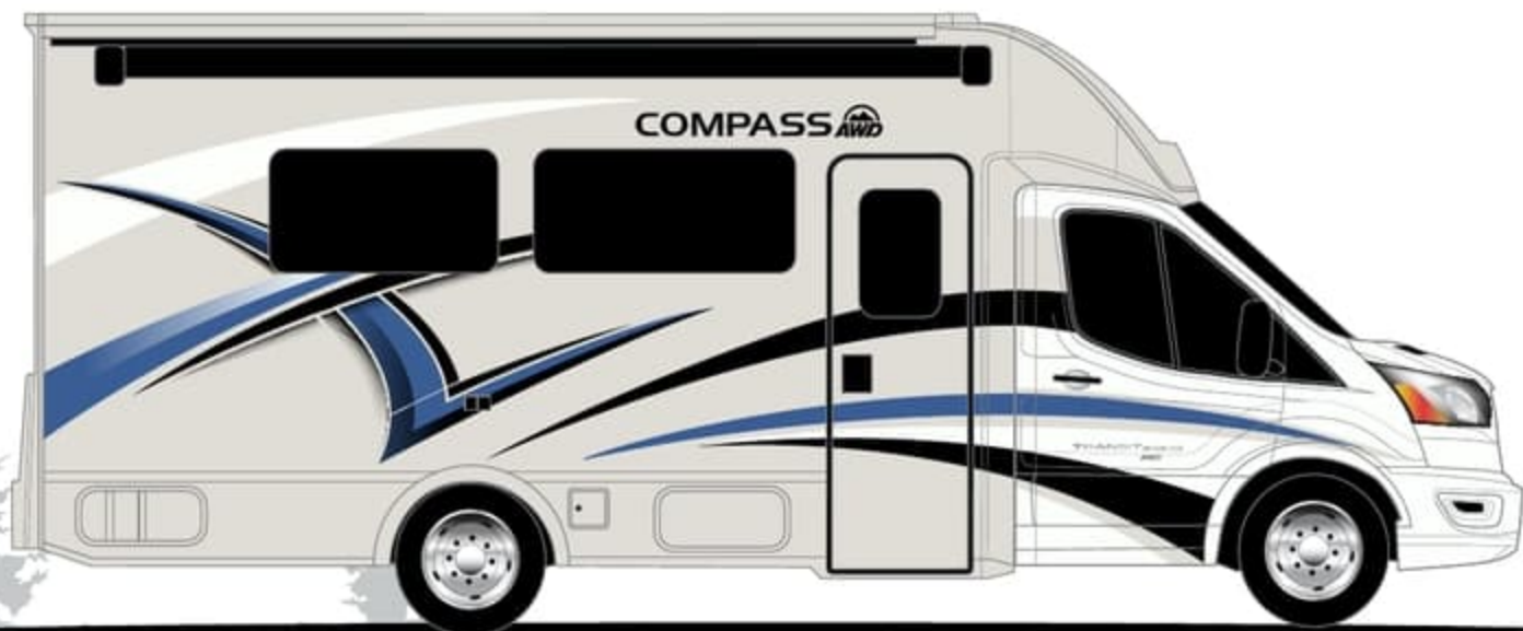
VOYAGE BLUE QHD-MAX
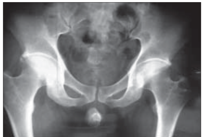
Figure 1: X-ray of the pelvis showing a large urethral stone

A 40 year-old male patient was treated in the emergency room for a large perineal abscess. Examination revealed that he had an approximately 9 x 9 cm 2 tense, tender, fluctuating swelling with the features of acute inflammation in the perineum. The X-ray of the pelvic region showed a large stone in the bulbar urethra [Figure 1]. He underwent incision and drainage of the abscess and removal of the stone (8 x 5 cm 2 ) in the
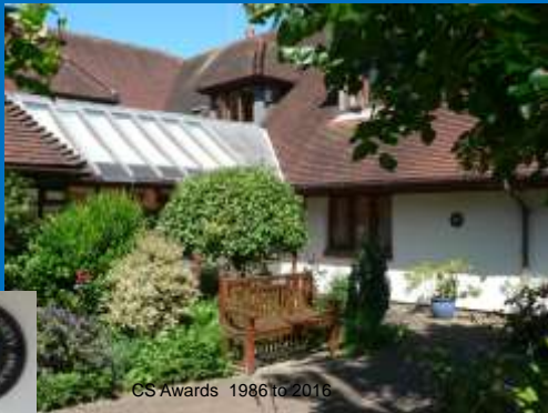
Grove House 1994 (form. Macmillan Runcie Hospice)
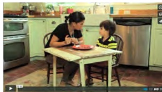
4-6 Year Old ¡Ya se Acabaron!
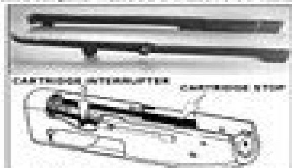
Illustration courtesy of C.A. Mosley & Sons, Inc.

5. REMOVE CARTRIDGE INTERRUPTER & CARTRIDGE STOP. It's possible that these two components may have taken out when you removed the trigger group. You may need to gently tap on the receiver to release these parts. Notice the orientation of the bolts.
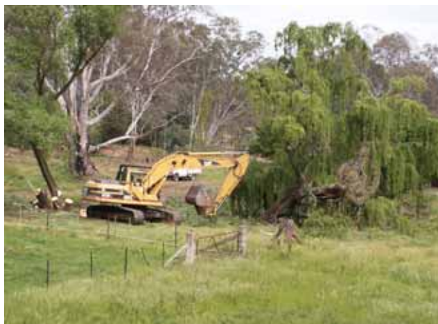
Physical removal of trees in riparian areas presents many challenges and is only appropriate in some situations.

In the early stages of an infestation, hand-pulling may be sufficient to remove the weeds from a site. In areas with high levels of native vegetation and relatively few weeds, manual removal is often the best management option.
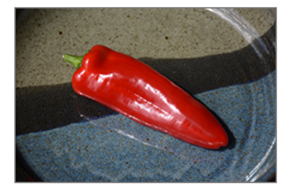
Sweet Sunset Pepper fruit

Landscape Services & Design Center 1190 W. Moana Lane Reno, NV 89509 (775) 825-0602 ext. 134 NV Lic. #3379A, D & CA Lic. #317448

------------------------------

§ Activity: Print all data above verbatim, except pictures.

§ Exercise solution:
VOYAGE BLUE QHD-MAX
Figure 1: X-ray of the pelvis showing a large urethral stone

A 40 year-old male patient was treated in the emergency room for a large perineal abscess. Examination revealed that he had an approximately 9 x 9 cm 2 tense, tender, fluctuating swelling with the features of acute inflammation in the perineum. The X-ray of the pelvic region showed a large stone in the bulbar urethra [Figure 1]. He underwent incision and drainage of the abscess and removal of the stone (8 x 5 cm 2 ) in the
Grove House 1994 (form. Macmillan Runcie Hospice)
4-6 Year Old ¡Ya se Acabaron!
Illustration courtesy of C.A. Mosley & Sons, Inc.

5. REMOVE CARTRIDGE INTERRUPTER & CARTRIDGE STOP. It's possible that these two components may have taken out when you removed the trigger group. You may need to gently tap on the receiver to release these parts. Notice the orientation of the bolts.
Physical removal of trees in riparian areas presents many challenges and is only appropriate in some situations.

In the early stages of an infestation, hand-pulling may be sufficient to remove the weeds from a site. In areas with high levels of native vegetation and relatively few weeds, manual removal is often the best management option.
Sweet Sunset Pepper fruit

Landscape Services & Design Center 1190 W. Moana Lane Reno, NV 89509 (775) 825-0602 ext. 134 NV Lic. #3379A, D & CA Lic. #317448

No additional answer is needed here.